By: Marlene Affeld
"There is no precious metal in the world coveted more than gold. The famous “yellow metal” has been a standard by which wealth is measured for centuries, and as civilizations took the first steps out of the Dark Ages and into international trade in the Middle Ages and beyond, gold was there as the standard unit of commerce used by nations and people who spoke different languages. Despite language and cultural barriers, everyone understands the value of gold. Today, gold remains a primary vehicle for private investment and the protection of wealth."
Now is the perfect time to invest in a gold claim. Although hording gold as a hedge against the devaluation of the dollar is a great idea, cut out the middleman and find your own gold on your own claim.

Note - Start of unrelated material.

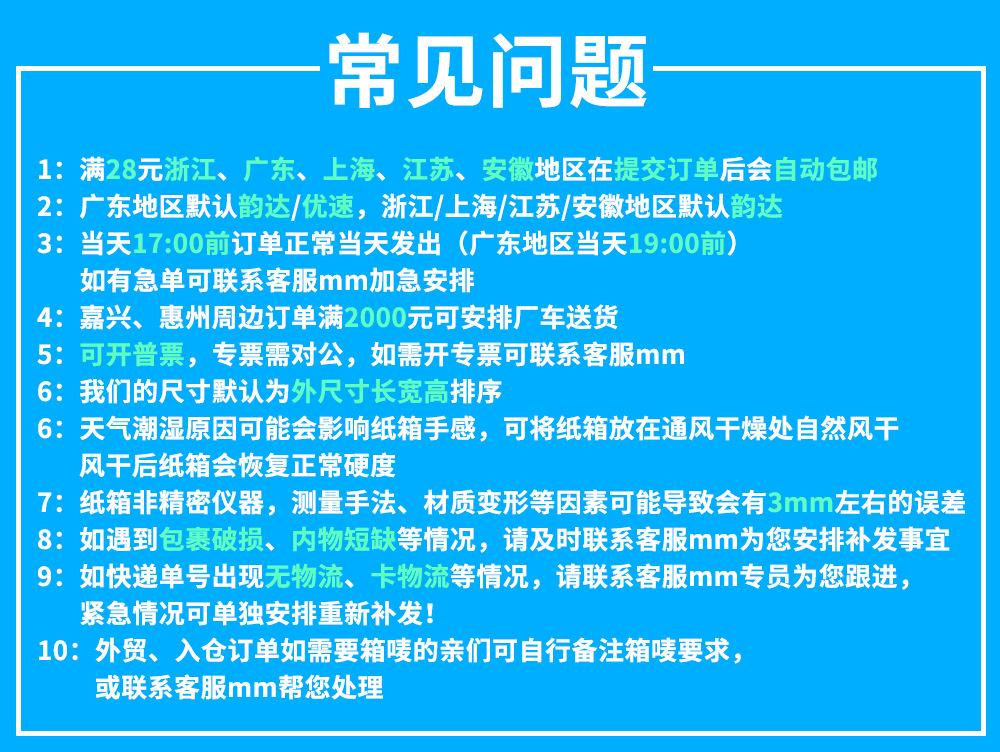 4: Debido a que 1~2 cajas se aplastan y dañan fácilmente durante el transporte, no enviaremos si pide 1~2.La cantidad mínima de pedido para cajas pequeñas de la misma especificación es 3, cajas grandes con especificaciones mínimas de 5 para entrega, ¡por favor entienda!

With the bottom falling out of oil prices and the stock market in a state of chaos, there are a lot of people lamenting they did not diversify their portfolios and invest in gold. When the finances of the world are volatile, investors flock to the security of gold, which in turn raises gold prices.
In today’s world of terrorist attacks, and financial uncertainty, many people, are converting assets to gold as it often out-performs other investment options. Historically, proves an excellent hedge against inflation with the price of gold typically increasing more than inflation.
Interwoven into the history and culture of the majority of the countries of the globe, gold is respected for its value and rich history. For 2,000 years gold has been an ideal method of protecting wealth; through wars, stock market crashes, and currency collapses, gold holds its value and is seen as a way to pass on wealth from generation to generation.
The increased wealth of emerging markets impacts the world demand for gold. India remains one of the world’s biggest consumers of gold with most worn as jewelry. In China, gold bars traditionally are used to store wealth with China’s demand remaining consistent.
The price of gold tripled between 1998 and 2008, dramatically escalating in value to a record value of a $1,000 an ounce. From 2008 to 2012, the price of gold went “through the roof” hitting an all-time high of $1,900.
Gold finished 2015 at $1.060 per ounce; down ten percent for the year. However, back then, investment advisers continued to recommend allocating a portion of one’s portfolio to the precious metal. Gold bounced back. Today, sage money managers remain confident in the power of gold, trusting in the knowledge that it has been exchanged for thousands of years and is a proven store of value.
Symbolic of wealth, status, and power, gold not only retains its value when the economy is vigorous; it maintains its value during times of geopolitical uncertainty. Gold is often referred to as a “crisis commodity” as investors flee to its relative safety when world tensions threaten to disrupt the normal flow of commerce. Lord knows, we are in a crisis now as inflatioin skyrocks and we all are feeling the pinch.
Financial investors consider gold as an essential part of a diversified investment portfolio. The price of gold consistently increases in response to world events that deflate the value of paper investments such as stocks and bonds. Today gold is at $1975.00 and climbing.
Although the price of gold is cyclical and can be volatile in the short term, gold remains a sound hedge against inflation and the erosion of major currencies, making purchasing a gold claim an investment well worth consideration.